Measurement Noise (default: 3).
Filter Order (default: 3).
Color Settings: Predefined colors with distinct shades for bullish and bearish states, ensuring clear visual differentiation.
Trading Applications
This indicator is versatile and can be applied across various markets and strategies:
Momentum Trading: Highlights strong bullish or bearish momentum for potential entry or exit points based on Z-score crossings.
Trend Confirmation: Use bar coloring to confirm Z-score signals with price action on the main chart.
Reversal Detection: Identify potential reversals when the Z-score crosses the zero line.

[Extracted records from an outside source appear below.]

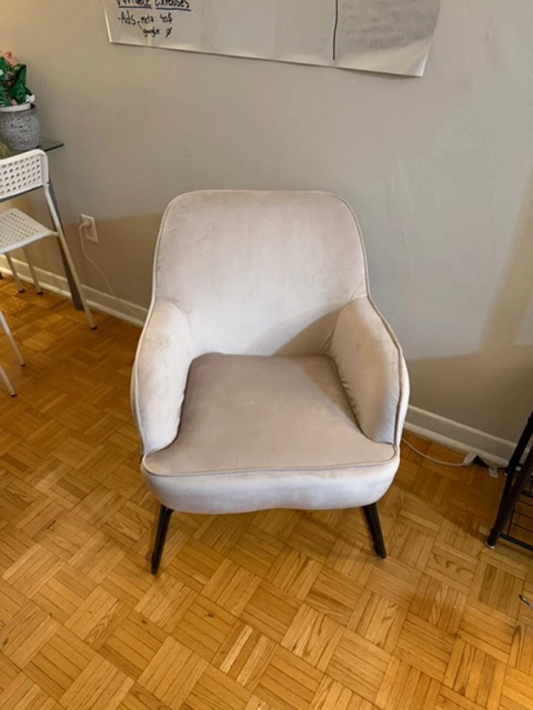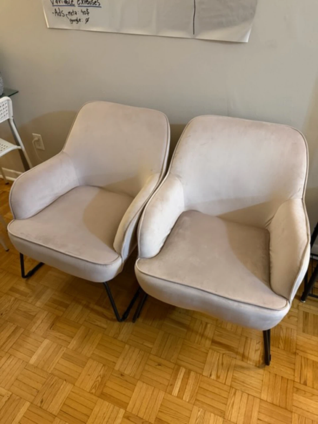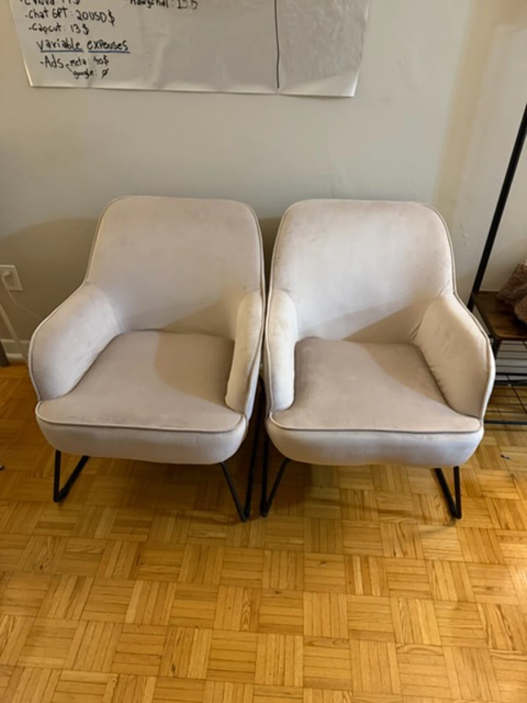 Selling a pair of stylish light beige accent chairs. They feature a soft upholstery and modern black metal legs. These chairs would be a nice addition to a living room or entryway.
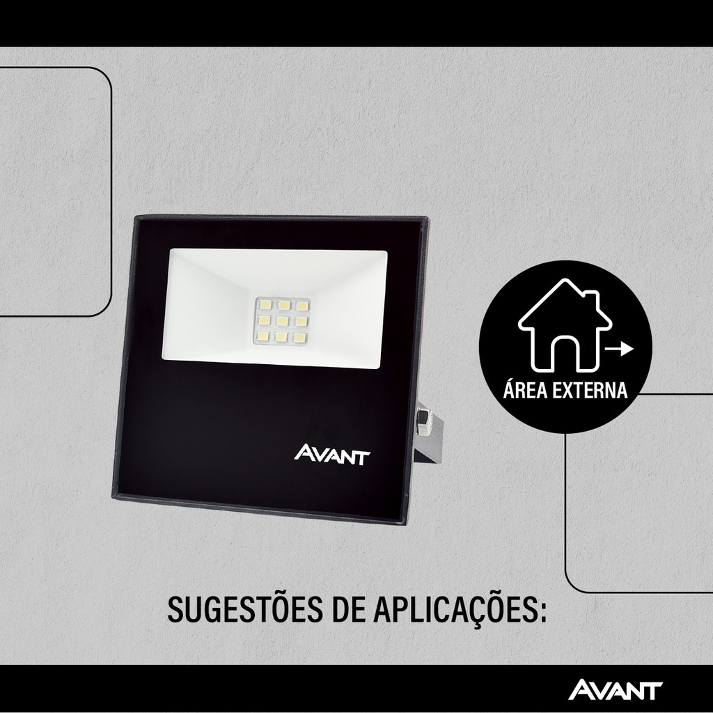 Refletor Slim IP65 - Iluminação Externa de Alta Performance A linha Refletor Slim IP65 da Avant oferece soluções de iluminação externa de alta qualidade para projetos comerciais, corporativos e residenciais. Com design moderno e tecnologia LED avançada, os refletores Slim proporcionam iluminação eficiente e duradoura. Propriedades: Corpo em alumínio e difusor em vidro, garantindo resistência e durabilidade. Driver incorporado, simplificando a instalação e otimizando o desempenho. Não emite raios ultravioleta, protegendo objetos da descoloração. Fluxo luminoso constante em toda faixa de tensão, assegurando iluminação uniforme. Livre de mercúrio, contribuindo para a sustentabilidade. Baixo consumo de energia, reduzindo o impacto ambiental e os custos com eletricidade. Características de Funcionamento: Temperatura de operação: -5°C a 40°C, ideal para diversos climas. Tensão de entrada: 100V a 240V, compatível com a maioria das redes elétricas. Fator de potência: =0,50 (Slim 10, 20, 30, 50 garantindo eficiência energética. Tipo de instalação: Sobrepor, facilitando a instalação em diferentes superfícies. Dimensões e características: -10w: Fluxo Luminoso: 750lm Dimensões: 91 x 90mm -20w Fluxo Luminoso: 1500lm Dimensões: 81 x 79mm -30w Fluxo Luminoso: 2250lm Dimensões: 103 x 89mm -50w Fluxo Luminoso: 3750 Im Dimensões: 138 x 118mm Garantia Oficial: A Avant oferece garantia de 12 meses para defeitos de fabricação em seus produtos. Para obter mais informações sobre a garantia, consulte o manual do produto ou entre em contato com o atendimento ao consumidor da Avant. Sobre a Avant: A Avant é uma empresa líder no desenvolvimento e fabricação de soluções de iluminação LED de alta qualidade. Com foco na inovação, a Avant busca oferecer produtos eficientes, duráveis e ecologicamente corretos. A marca se destaca pela qualidade de seus produtos, design moderno e atendimento personalizado, proporcionando a melhor experiência para seus clientes.
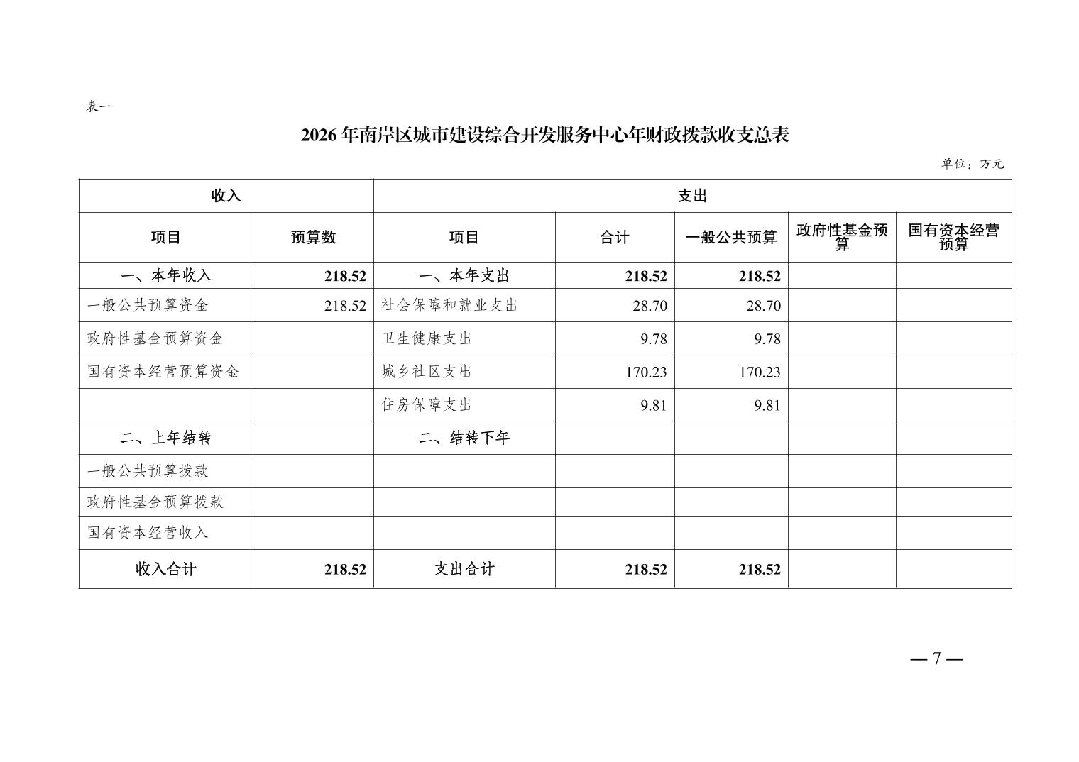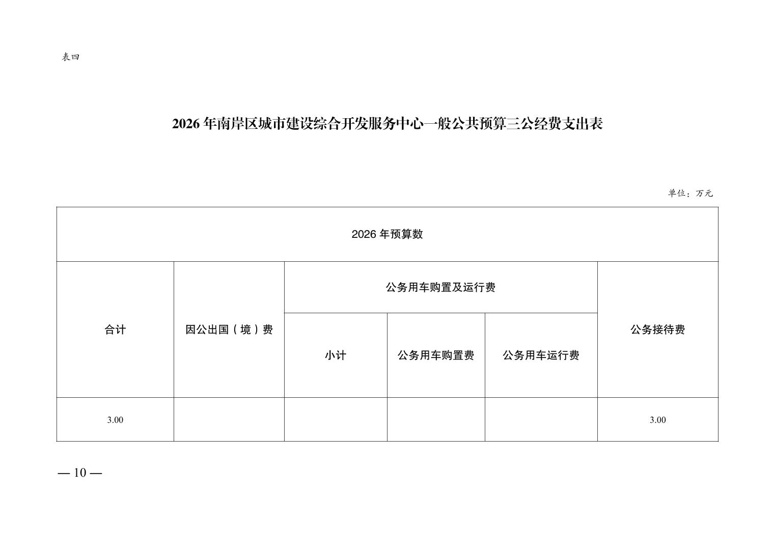 重庆市南岸区城市建设综合开发服务中心2026年单位预算情况说明
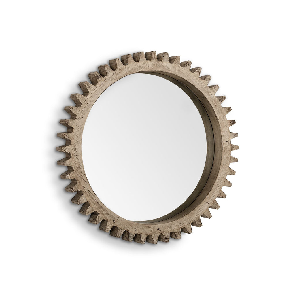 crafted in semblance of a cogs, this mirror will add noticeable variation to your space. whether used alone or paired with other mirrors, this mirror makes a huge difference in your decor. it is held in a brown wood frame; add it to any room and enjoy the exceptional sparkle that ships with it. dimensions: 35".
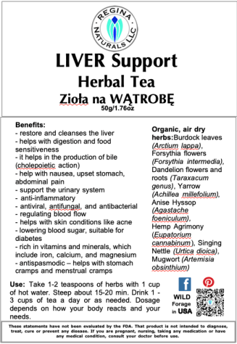 Organic, air dry herbs: Burdock leaves (Arctium lappa), Forsythia flowers (Forsythia intermedia), Dandelion flowers and roots (Taraxacum genus), Yarrow (Achillea millefolium), Anise Hyssop (Agastache foeniculum), Hemp Agrimony (Eupatorium cannabinum), Singing Nettle (Urtica dioica), Mugwort (Artemisia obsinthium
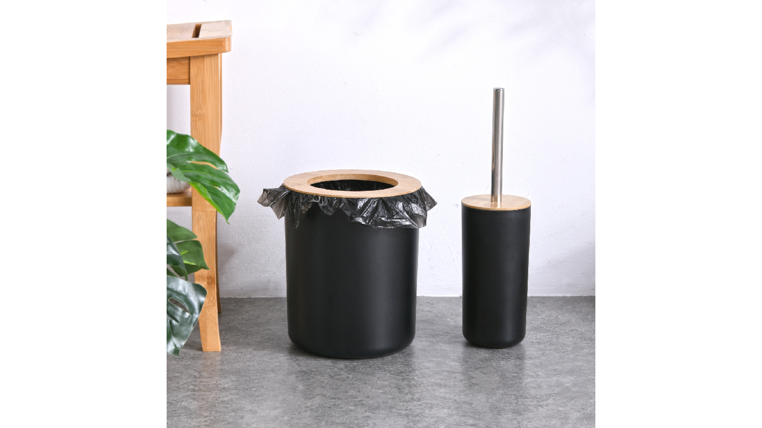 TAKARA "Takae" Bathroom Bin & Brush Set - Black

Scalping and Swing Trading: Adjust parameters (e.g., lookback, Z-score period) to suit short-term or longer-term strategies.
Final Note
The Kalman Sigmoid Z-score indicator is a powerful tool for traders seeking to leverage advanced filtering and statistical analysis for momentum and trend-based opportunities. Its combination of Kalman-filtered price smoothing, sigmoid-weighted averaging, dynamic Z-score signals, and synchronized bar coloring offers a robust framework for informed trading decisions. As with all indicators, backtest thoroughly and integrate into a comprehensive trading strategy for optimal results. This indicator is provided for educational and informational purposes and should not be considered financial advice.